With MACCS fingerprints, Tetracycline is the most similar molecule (high score), followed by Amoxicilline. In contrast to the 1D descriptor molecular weight, the linear molecule Glycol dilaurate is recognized as dissimilar (last rank).

Morgan fingerprints: Tanimoto similarity and Dice similarity

Add the Tanimoto and Dice similarities between the Morgan fingerprints to the DataFrame.

[25]:
# Define molecule query and list
molecule_query = molecules["morgan"][0]
molecule_list = molecules["morgan"].to_list()
# Calculate similarty values between query and list elements
molecules["tanimoto_morgan"] = DataStructs.BulkTanimotoSimilarity(molecule_query, molecule_list)
molecules["dice_morgan"] = DataStructs.BulkDiceSimilarity(molecule_query, molecule_list)

Sort the DataFrame by the Tanimoto similarity of the Morgan fingerprints.

[26]:
preview = molecules.sort_values(["tanimoto_morgan"], ascending=False).reset_index()
preview[["name", "tanimoto_morgan", "dice_morgan", "tanimoto_maccs", "dice_maccs"]]
# NBVAL_CHECK_OUTPUT
[26]:
name tanimoto_morgan dice_morgan tanimoto_maccs dice_maccs
0 Doxycycline 1.000000 1.000000 1.000000 1.000000
1 Tetracycline 0.534247 0.696429 0.928571 0.962963
2 Hemi-cycline D 0.308824 0.471910 0.403509 0.575000
3 Amoxicilline 0.144444 0.252427 0.590909 0.742857
4 Furosemide 0.098901 0.180000 0.321839 0.486957
5 Isotretinoin 0.067416 0.126316 0.288136 0.447368
6 Hydrochlorothiazide 0.058824 0.111111 0.306818 0.469565
7 Glycol dilaurate 0.054795 0.103896 0.149254 0.259740

Draw molecules ranked by the Tanimoto similarities of Morgan fingerprints.

[27]:
draw_ranked_molecules(molecules, "tanimoto_morgan")
[27]:
../_images/talktorials_T004_compound_similarity_78_0.png

We compare the Tanimoto similarities based on MACCS and Morgan fingerprints. Therefore, we plot the Tanimoto similarities based on Morgen fingerprints vs. the Tanimoto simlarities based on MACCS fingerprints.

[28]:
fig, ax = plt.subplots(figsize=(6, 6))
molecules.plot("tanimoto_maccs", "tanimoto_morgan", kind="scatter", ax=ax)
ax.plot([0, 1], [0, 1], "k--")
ax.set_xlabel("Tanimoto (MACCS)")
ax.set_ylabel("Tanimoto (Morgan)")
fig;
../_images/talktorials_T004_compound_similarity_80_0.png

Usage of different fingerprints (here: MACCS and Morgan fingerprints) results in different similarity values (here: Tanimoto similarity) and thus potentially also in different rankings of molecule similarity as shown here.

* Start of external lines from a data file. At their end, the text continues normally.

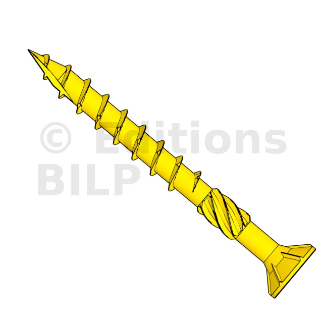 - Tête fraisée avec des rainures sous tête pour une finition sans éclat,
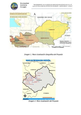 Este documento describe un proyecto para mejorar la oferta de servicios educativos en la Institución Educativa N° 50765 de Sallicancha en el distrito de Ocongate, provincia de Quispicanchi en Cusco. El proyecto consiste en la construcción de nuevas aulas, servicios higiénicos, biblioteca, sala de profesores, dirección, cocina y patio deportivo, con el objetivo de brindar una mejor infraestructura educativa y reducir el analfabetismo en la zona.
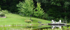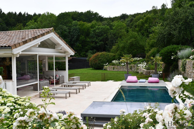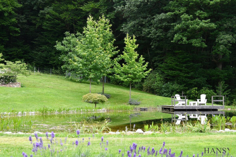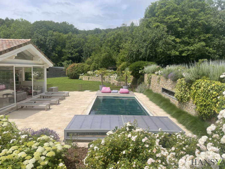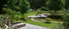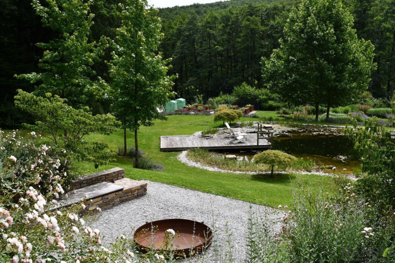 Die Gartenanlage wurde von einem renovierten Gartengestalter geplant und angelegt. Handgefertigte Natursteinmauern vermitteln ein mediterranes Gefühl. Ein großer Naturteich (über 600m² und bis 3m Tiefe) mit Steg ist der Mittelpunkt. Neben einem Edelstahl-Outdoorpool gibt es weiters einen hochwertigen Whirlpool für 4 Personen, einen Boccia-Platz (Originalmaße mit Natursteinbanden), sowie 15 Corten-Stahl-Hochbeete, einen Grillplatz für 15 Personen, sowie weitere Sitz- und Ruheplätze. Der gesamte Garten wurde neu angelegt, der Altbaumbestand allerdings erhalten. Vor dem Haus fließt ein Bach, es gibt etliche sehr alte Bäume am Grundstück.

Morgan fingerprints also recognize Tetracycline as the most similar molecule to Doxycycline (but with a lower score), and Clycol dilaurate as most dissimilar. However, ranked second is Hemi-cycline D, a structural part of cyclines - possibly because of the atom environment-based algorithm of Morgan fingerprints (whereas MACCS fingerprints rather ask for the occurrence of certain properties).

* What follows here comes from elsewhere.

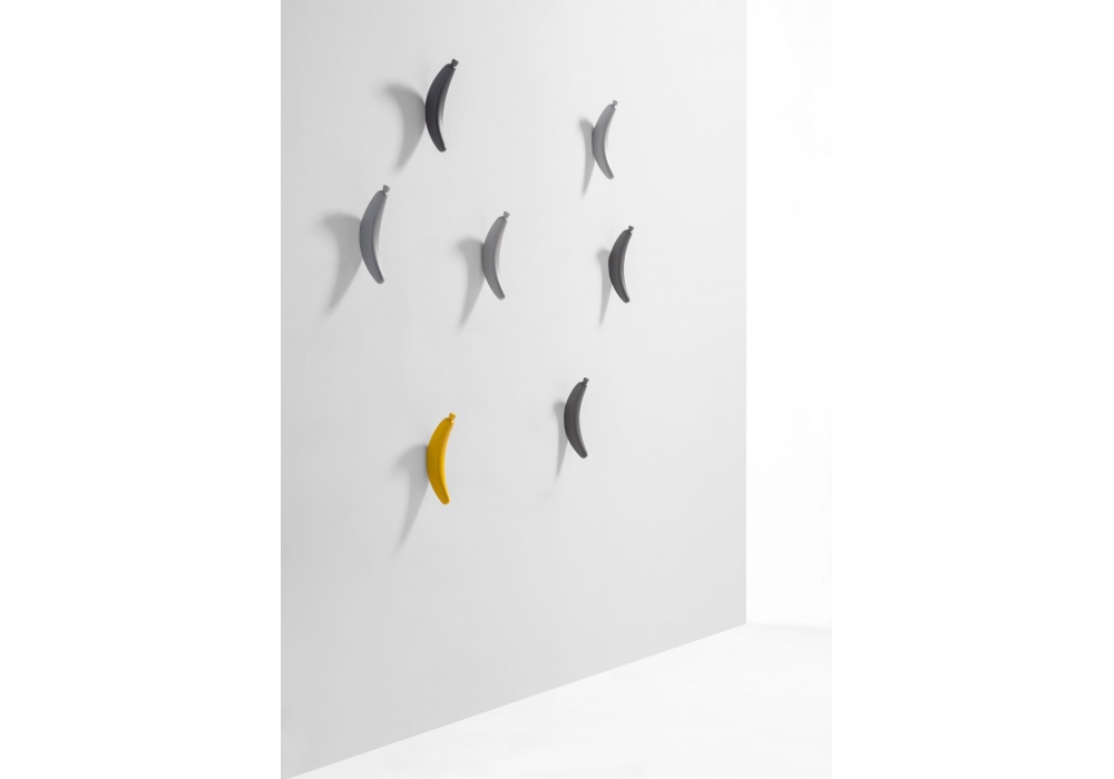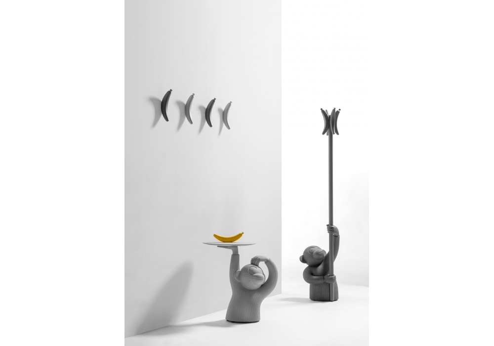 Monkey firmato da Jaime Hayon per BD Barcelona è un appendiabiti la base è in cemento, il palo e la banana in massello di frassino, è disponibile in nero o grigio.

Virtual screening using similarity search

Now that we have learned how to calculate fingerprints and the similarity between them, we can apply this knowledge to a similarity search of a query molecule against a full data set of molecules.

We use the known EGFR inhibitor Gefitinib as query and search for similar molecules in our data set of molecules tested on EGFR, which we collected from the ChEMBL database in Talktorial T001 and filtered by Lipinski’s rule of five in Talktorial T002.

Compare query molecule to all molecules in the data set

We import molecules from a csv file containing the filtered EGFR-tested molecules from the ChEMBL database as provided by Talktorial T002. Given one query molecule (here Gefitinib), we screen that data set for similar molecules.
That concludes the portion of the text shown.